Under the proposed VAP rule changes, Ohio EPA is proposing to expand the eligibility of areas for USDs.  For example, a village that meets certain geographic requirements can request a USD.

Off-Property Cleanup Requirements

An area of uncertainty under the VAP program had been what cleanup requirements apply to contamination that may have already left the volunteer's property.  Under the proposed rule, Ohio EPA states it is clarifying the obligations to address off-property releases.

Ohio EPA states a volunteer is required, even under current VAP rules, to cleanup off-property releases of contamination that exceed VAP standards.  Under the proposed rule change, this requirement is being made explicit.  This may be viewed by some as a major program change.

The proposal does include new provisions to provide some flexibility in addressing off-property releases.  A volunteer can attempt to make a demonstration to Ohio EPA that it "used best efforts" to address the release, but something made it impossible or impractical.  Examples:

If a neighboring property owner uses a drinking water well and refuses access to his property to address the contamination, this may be grounds for an exemption from Ohio EPA.

 

 

A release from the property contaminates sediment in adjacent river that exceeds applicable standards.  The volunteer would need to address the sediment unless it can demonstrate it is contaminated from multiple sources.

 

 

However, it is important to note, if an exemption to address a off-property pathway is granted, the CNS (legal release) will not extend to that pathway (i.e. the volunteer could be required to clean it up in the future if circumstances change).

When a Property Must Meet VAP Standards

The proposed rule changes intend to clarify that a volunteer only has to construct the remedy prior to issuance of the CNS, so long as he/she demonstrates the property will meet VAP standards within five years (or some other time agreed to by Ohio EPA).  This allows flexibility where remedy involves ongoing treatment. 

Post CNS Changes to Remedy

The proposal also establishes a process for modification of a remedy post-CNS.  

  • For example, if institutional controls (ex: fence or protective barrier) is used to demonstrate the property meets standards, the Volunteer can remove those controls without the property losing its CNS status during implementation of the new remedy.

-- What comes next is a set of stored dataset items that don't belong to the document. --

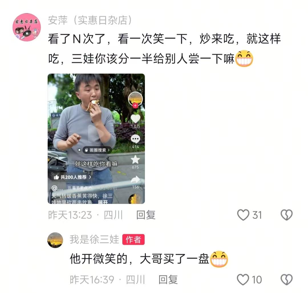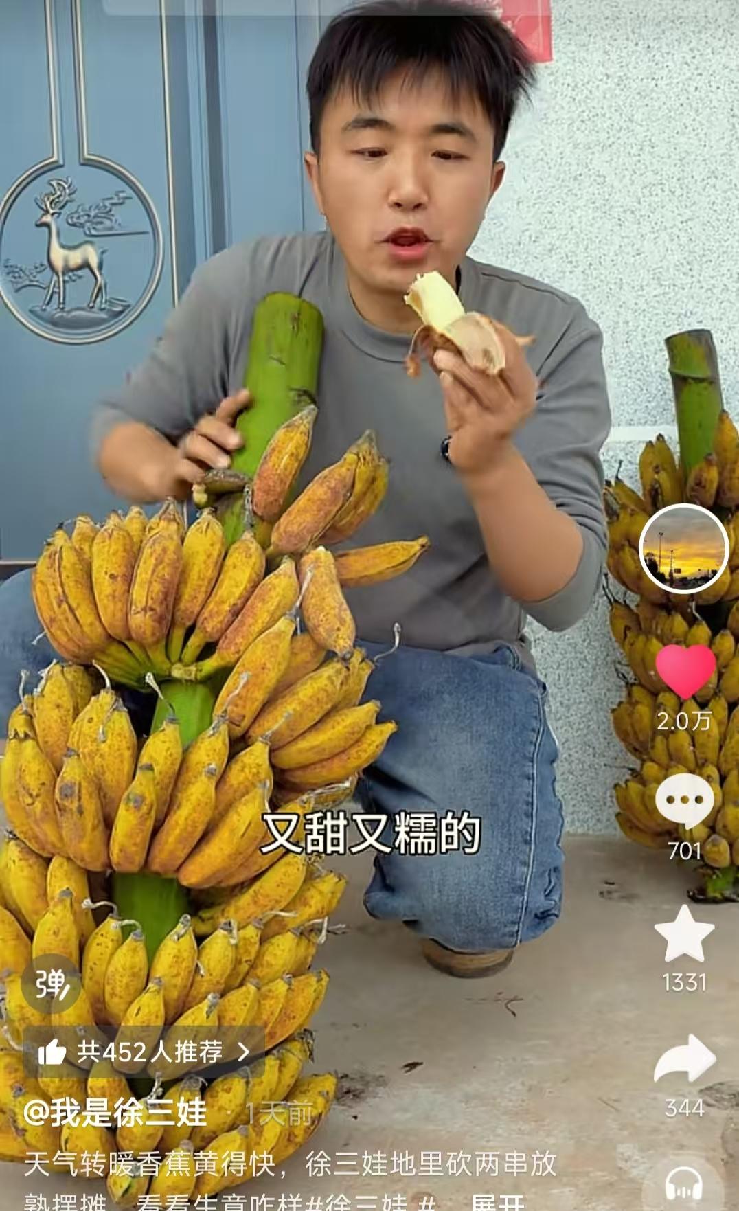现在全网最羡慕的男人就是徐三娃了吧! 不是因为赚了大钱,也不是因为成了大网红 而是因为自家种的香蕉砍下来放3天就甜糯流蜜,摆摊半天就卖光,还收获了一堆预定的回头客!真服了 谁懂啊!今天摸鱼刷到徐三娃的香蕉视频,本来只想划走,结果硬生生看完全程,还对着评论区笑到跺脚!说真的,比起那些装腔作势的剧本,这种沾着泥土气的日常,才真的戳人啊。 说实话,看他扛着竹竿往香蕉林冲的时候,我都替他捏把汗,本来以为要费半天劲,结果人家麻溜的,绑树、拉弯、挥刀砍串,一套动作行云流水,不一会儿就砍了两大串,给力! 本来我还纳闷,青不拉几的香蕉能吃?结果人家放屋里三天,全黄透了,当场啃了一口说又甜又糯,我隔着屏幕都咽口水了,不是吧?自己种的香蕉真的这么巴适? 然后他就扛着香蕉去菜市场摆摊了,说真的,最戳我的就是他抹零那一下,11块8直接收11块,换别的商家说不定还凑整收12呢!没到天黑就卖得七七八八,剩下烂的发霉的,人家也不坑人,说拿回去自己吃或者喂鸡,这种佛系摆摊的感觉,真的太舒服了! 还有人没买就先加了微信,说下次卖提前说,这不就是最大的认可吗?太棒了!之前听别人说,做事最难得的就是不欺心,种庄稼卖东西都一样,不坑人不耍滑,赚该赚的钱,这不就是别人说的种善因得善果嘛。 说真的,我之前也跟风在网上买过生香蕉,本来想放着慢慢吃,结果要么全放烂了,要么熟得不均匀,一半硬得硌牙一半烂得流水,给我整崩溃了,郁闷了好几天。 现在看评论区老蕉农的建议才知道,原来要按熟度分开放,不然熟得早的很容易烂,我晕,早知道这个技巧,我之前也不至于浪费那么多香蕉啊! 总之,我想说的是,现在看多了花里胡哨的剧本,反而对这种实在的日常毫无抵抗力,可能是吧,大家就喜欢这种不装的感觉。是吧?
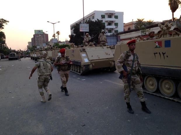 Armored personnel carriers in Cairo on Wednesday. (Photo: Jeremy Bowen/BBC/Twitpic)
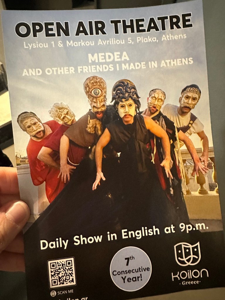 - Greek Theatre with Koilon Productions – While in the birthplace of theatre, seeing a live production based on Greek classics was high on my list. The play “Medea and Other Friends I Made in Athens” compiles excerpts from the following major works of Ancient Greek literature, in order of presentation:

Sufficient Evidence- VAP Eligibility Post-Enforcement

A volunteer is eligible for the VAP until it receives notice of enforcement from Ohio EPA.  If a volunteer had initiated a VAP cleanup prior to receiving notice of enforcement, the volunteer can continue if it makes a so-called "sufficient evidence demonstration."  

The proposed rule changes clarify what must be demonstrated and how quickly the cleanup must be completed in order to avoid enforcement.  Under the rules, the volunteer must demonstrate initially that they

  • Completed a Phase I assessment;
  • Retained a VAP certified professional;
  • Developed a schedule of activities for completing the VAP

If the volunteer is deemed to have satisfied sufficient evidence, it must adhere to the schedule and complete the VAP cleanup within three years under the proposed changes.

Schedule

Ohio EPA indicated the final rules would be filed with JCARR on April 15th.  JCARR jurisdiction would end on June 16th, with the final effective date being no sooner than July 1st.  

However, this assumes that significant objections are not raised during the JCARR process.  If such objections are made, the Agency could be forced to pull the rules resulting in delays.